-- INPUT MATERIAL follows --

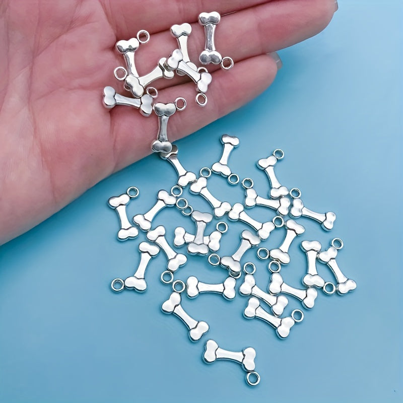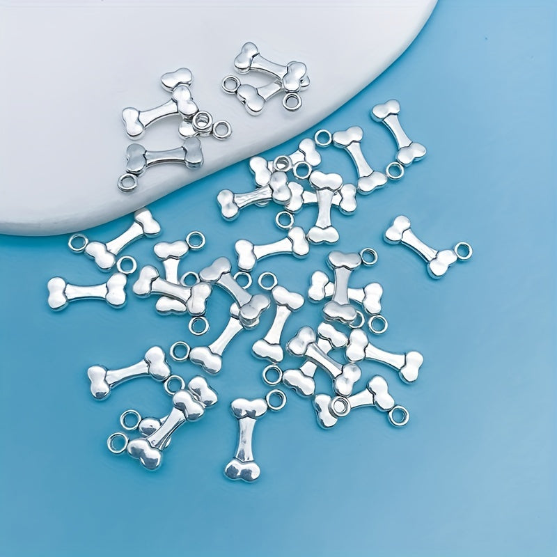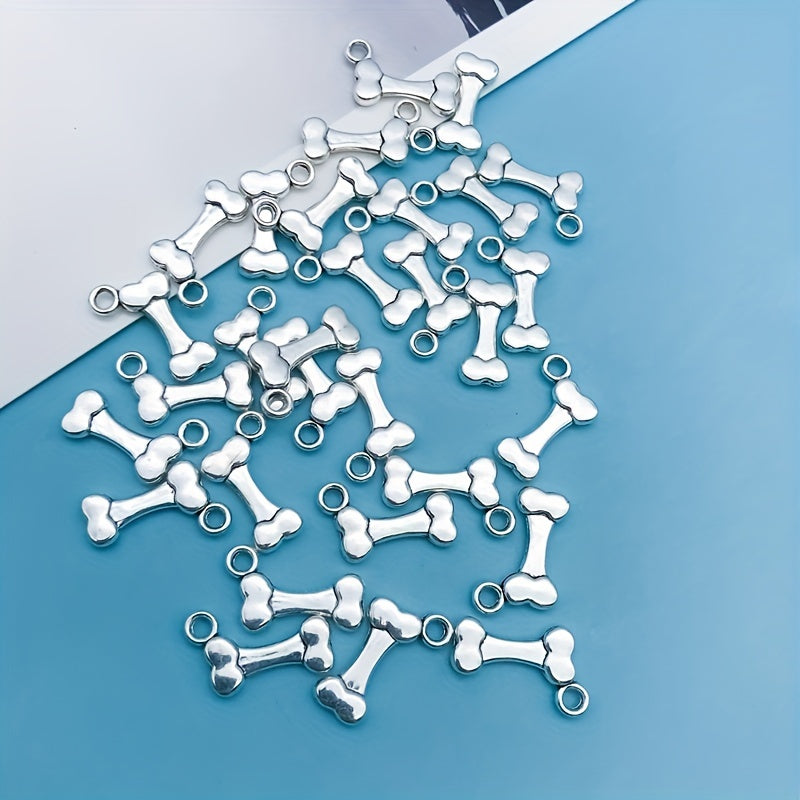 This pack includes 30 pieces of zinc alloy antique silver bone shape charms pendants, perfect for creating necklaces, bracelets, earrings, and other jewelry items. The charms are 14x10mm in size.
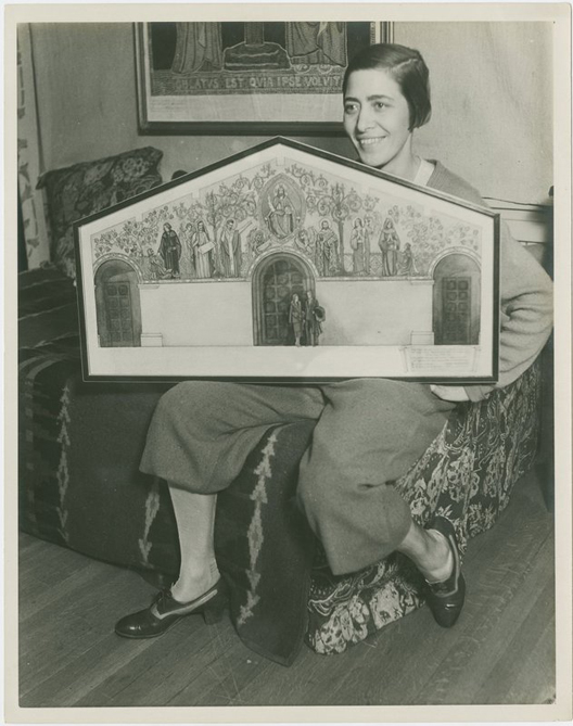 Lucile Lloyd (1994-1941), muralist; Photographer unknown, “Lucile Lloyd: proposed mural decoration for the Ojai Presbyterian Church (Ojai, Calif.),”UCSB ADC Omeka, http://www.adc-
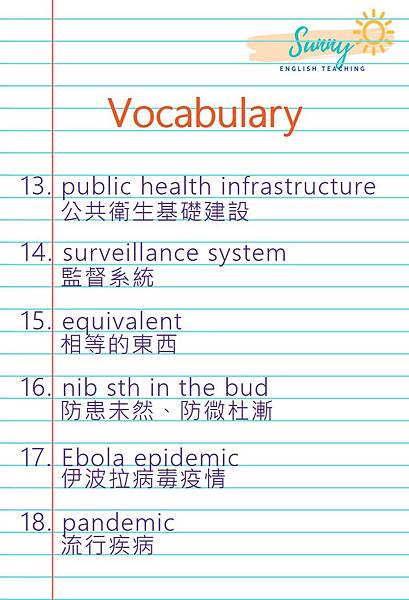 學習這支影片後,當再看到疫情新聞時,別忘了回頭想想學過的英文!每天幾個單字,就像堆砌蓋房子所需的磚頭,總有一天你將入住豪宅。影片只有3分鐘,要認真學習喔!
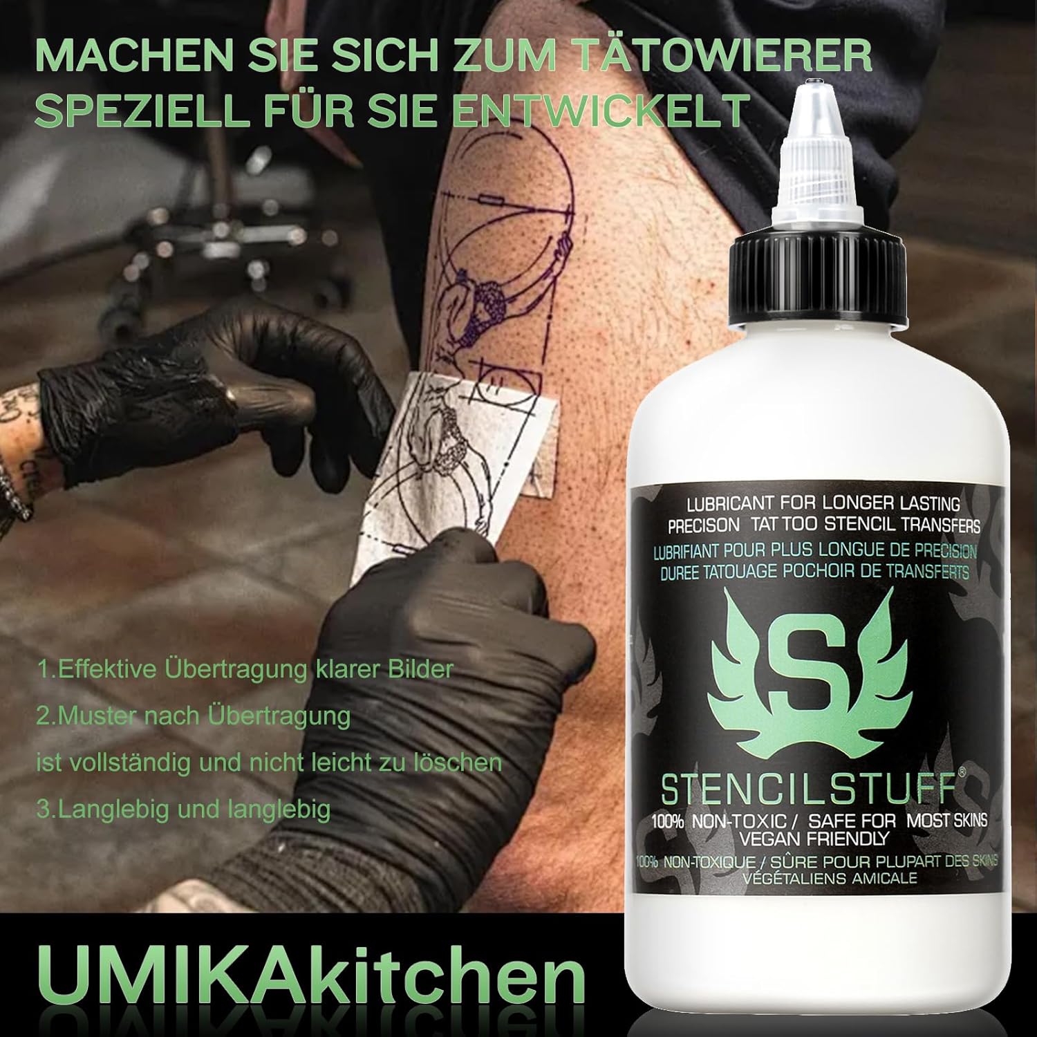 UMIKAkitchen Tattoo-transferolie: het sjabloonmateriaal maakt de overdracht zachter, schoner en scherper dan elke andere conventionele methode en voorkomt de mogelijkheid van kruisbesmetting.
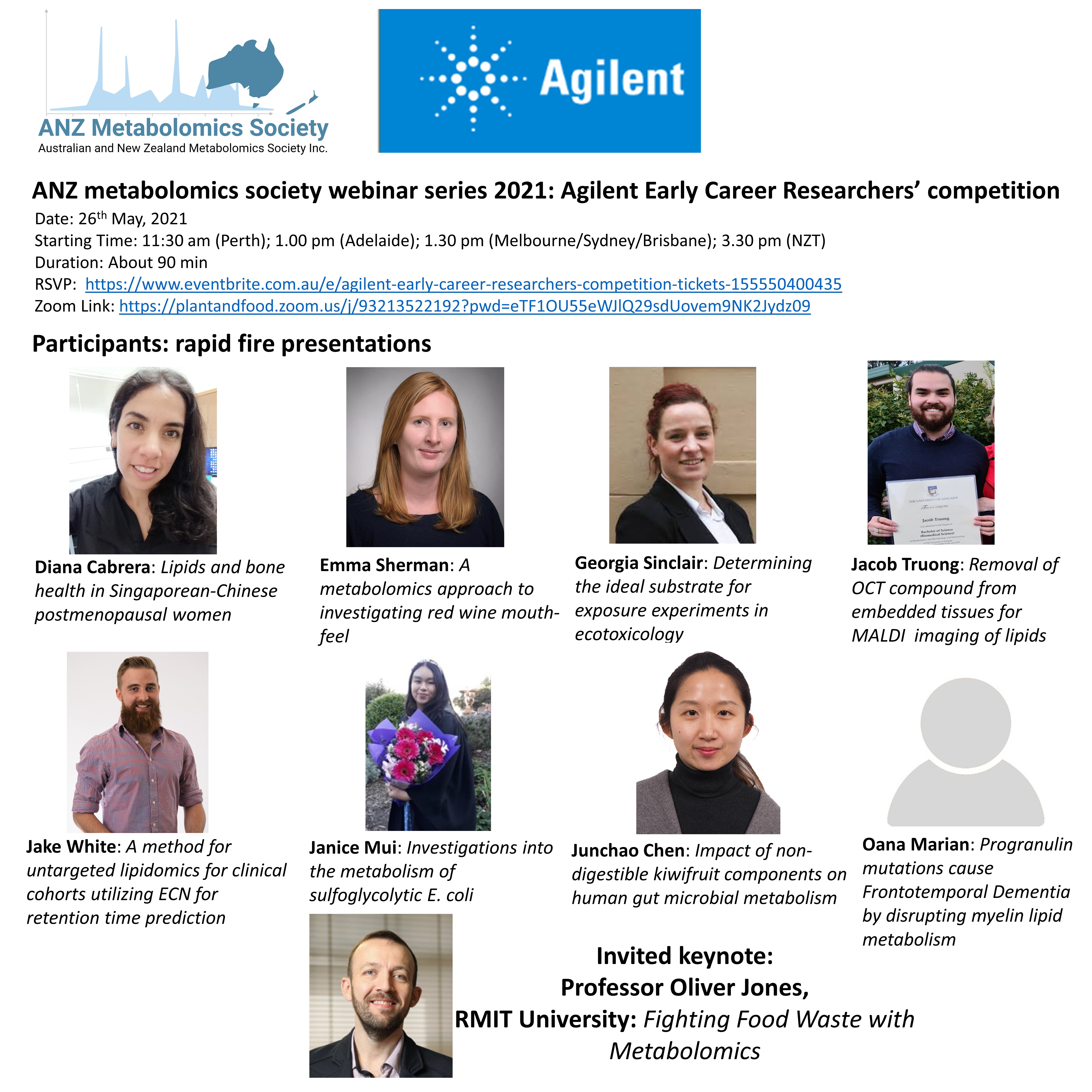 It is our pleasure to invite you to join our upcoming event supported by Agilent technologies. We have 8 participants who will showcase their research in 5 min with 3 slides. In addition to this data blitz, we have invited Professor Oliver Jones to present a keynote. See attached flyer and below for more details:
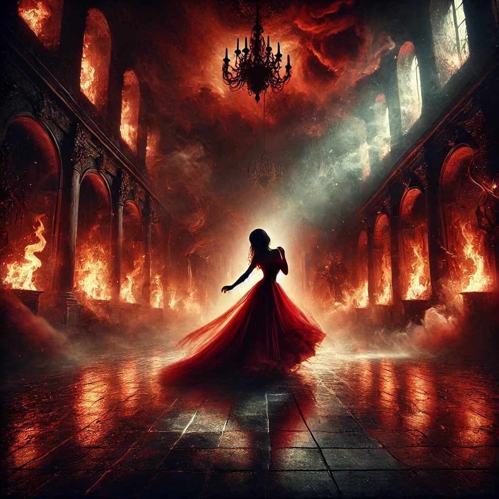 ...The ballroom was alive with golden lights, music like silk wrapping around the dancers, and chandeliers that sparkled brightly, as if the stars themselves had gathered to watch. But the moment she touched you, the room began to vanish. It was only the two of you, lost in that dance, moving through smoke and mirrors, circling closer and closer to a flame you couldn’t outrun.
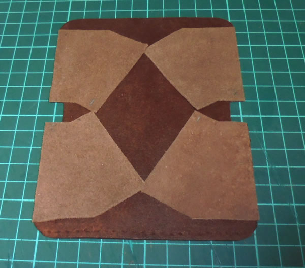 外装パーツと内装パーツを、一時的にしっかり合わせて、ちゃんと同じ位置に菱目穴を開けて置かないと、後で縫い合わせる時にグダグダになっちゃうので、この作業は慎重にやる必要があります。
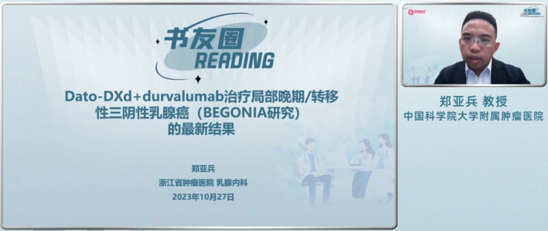 郑亚兵教授:Dato-DXd+durvalumab治疗局部晚期/转移性三阴性乳腺癌(BEGONIA研究)的最新结果
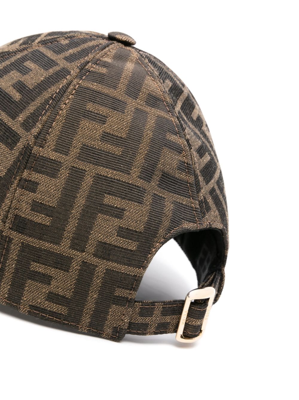 coffee brown monogram jacquard FF motif leather trim curved peak six-panel construction fabric-covered button at the crown adjustable strap to the rear logo-engraved buckle cotton lining

-- INPUT MATERIAL concluded --

▶ DESCRIPTION OF THE TASK:
Beginning at the line that contains "郑亚兵教授:Dato-DXd", copy each remaining line of the records exactly, through the final one. Omit the pictures.

▶ FINISHED TASK:
 郑亚兵教授:Dato-DXd+durvalumab治疗局部晚期/转移性三阴性乳腺癌(BEGONIA研究)的最新结果
 coffee brown monogram jacquard FF motif leather trim curved peak six-panel construction fabric-covered button at the crown adjustable strap to the rear logo-engraved buckle cotton lining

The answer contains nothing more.